Quiz 3

1. Jackson Aviation presents the following information:

Sales / $100 per passenger
Fixed Costs:
Marketing and Administration / $2,000
Overhead / $1,000
Variable Costs:
Marketing and Administration / $5 per passenger
Overhead / $10 per passenger
Direct labor / $15 per passenger
Direct material / $20 per passenger
Passengers / 150

a.  Prepare an income statement for internal purposes showing the contribution margin

b.  What would be the impact on the contribution margin per unit if the volume of passengers doubles? Why?

c.  If Jackson eliminated 20% of the direct labor costs, would this affect the total contribution margin? By how much?

d.  Jackson is thinking about leasing a new ticketing system. The system will add a fixed cost of $500 but will allow him to reduce his direct labor costs by $3 per passenger. Should Jackson lease the ticketing system? Explain

2.  Sun Devil, Inc. is considering the introduction of a new product with the following price and cost characteristics:

Sales price $75 each

Variable Cost $25 each

Fixed Cost $300,000 per year

It expects to sell 70,000 units per year.

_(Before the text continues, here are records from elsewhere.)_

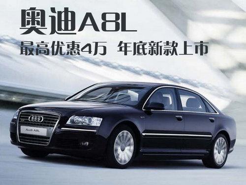 据北京地区奥迪4S店销售人员介绍:全新奥迪A8L年底即可与消费者见面,目前还不接受预订。而现款的奥迪A8L中,2.8和3.0的车型均有4万元的优惠,其中2.8标准型和3.0豪华型有黑色现车,并且数量也不多。想预订3.0标准型和尊贵型的消费者需交10万元的车款作为订金,等待1个月即可提车。而4.2和6.0的车型店内均无现车且不接受预定。
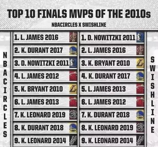 第七的位置,两家美媒互换了一下杜兰特和伦纳德,也就是说两家美媒认为伦纳德和杜兰特的这两次FMVP,不是第七就是第八,含金量相差不大。
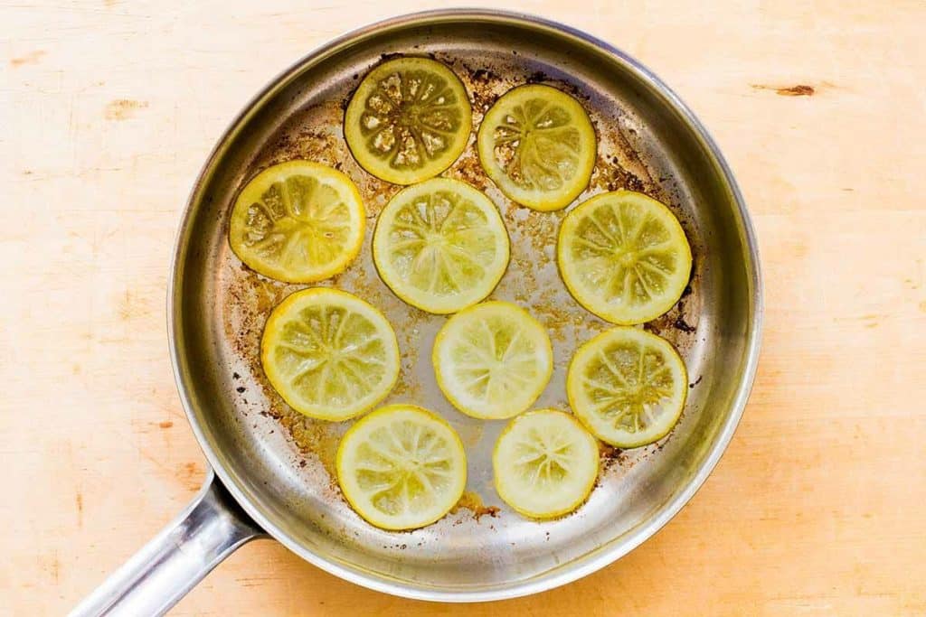 - Bedecken Sie den Boden mit Zitrone. Schneiden Sie ein oder zwei Zitronen in Scheiben und legen Sie diese auf den Boden des Topfes. Geben Sie so viel Wasser hinzu, dass die Scheiben und der gesamte angebratene Bereich bedeckt sind.
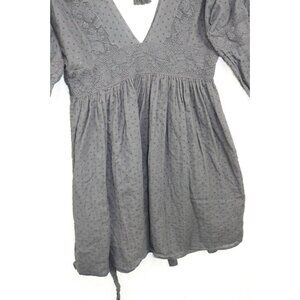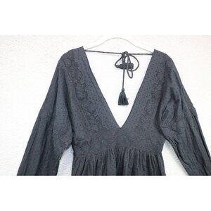This is a Free People Black Swiss Dot Long Sleeve Low V-Neck Mini Dress that is a size Medium. It ties at the neck in the back with tassels. It has an open back with another tie at the waist in the back. It is 100% Cotton. Laying flat, it measures: Armpit to armpit-18.5" and the Length is 32". It is in good condition.
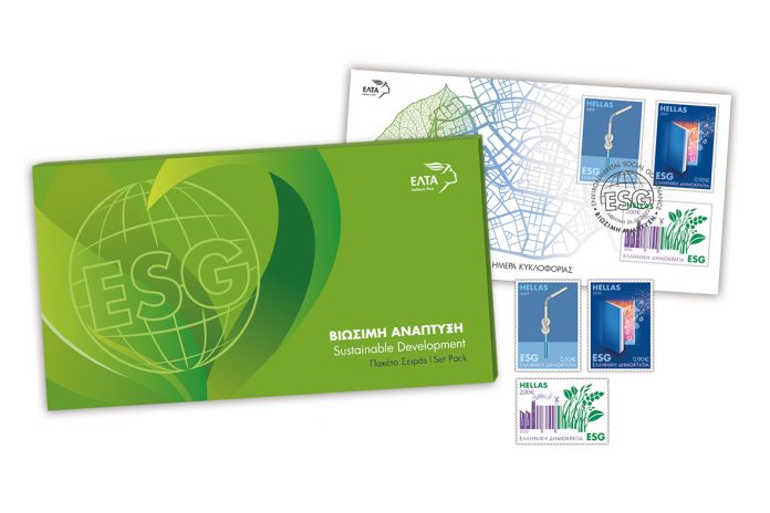 Η Σειρά Γραμματοσήμων «Βιώσιμη Ανάπτυξη – ESG» περιλαμβάνει, επίσης, Φακέλους Πρώτης Ημέρας Κυκλοφορίας και Set Pack που περιέχει όλα μαζί τα προϊόντα. Μπορείτε να τα βρείτε στα ταχυδρομικά καταστήματα και στο e-shop μας, philotelismos.gr, από τις 26 Ιανουαρίου.

a)  How many units must be sold to breakeven?

b)  How many units must be sold to make an operating profit of $15,000

c)  If 7,000 units are sold, what operating profit is expected?

d)  What would be the breakeven point in units if the sales price is decreased by 20%?

e)  What is the breakeven point in units if the variable costs per unit decreased by 40%?

f)  What would be the breakeven point in units if fixed costs were increased by $50,000?

3.  MultiFrame Company has the following revenue and cost budgets for the two products it sells.

Plastic Frames / Glass Frames
Sales price / $10.00 / $15.00
Direct materials / (2.00) / (3.00)
Direct labor / (3.00) / (5.00)
Fixed overhead / (3.00) / (4.00)
Net income per unit / $2.00 / $3.00
Budgeted unit sales / 100,000 / 300,000

The budgeted unit sales equal the current unit demand, and total fixed overhead for the year is budgeted at $975,000. Assume that the company plans to maintain the same proportional mix. In numerical calculations, MultiFrame rounds to the nearest cent and unit.

a)  What is the total number of units MultiFrame needs to produce and sell to breakeven?

b)  What is the total number of units needed to break even if the budgeted direct labor costs were $2 for plastic frames instead of $3?

c)  What is the total number of units needed to break even if sales were budgeted at 150,000 units of plastic frames and 300,000 units of glass frames with all other costs remaining constant?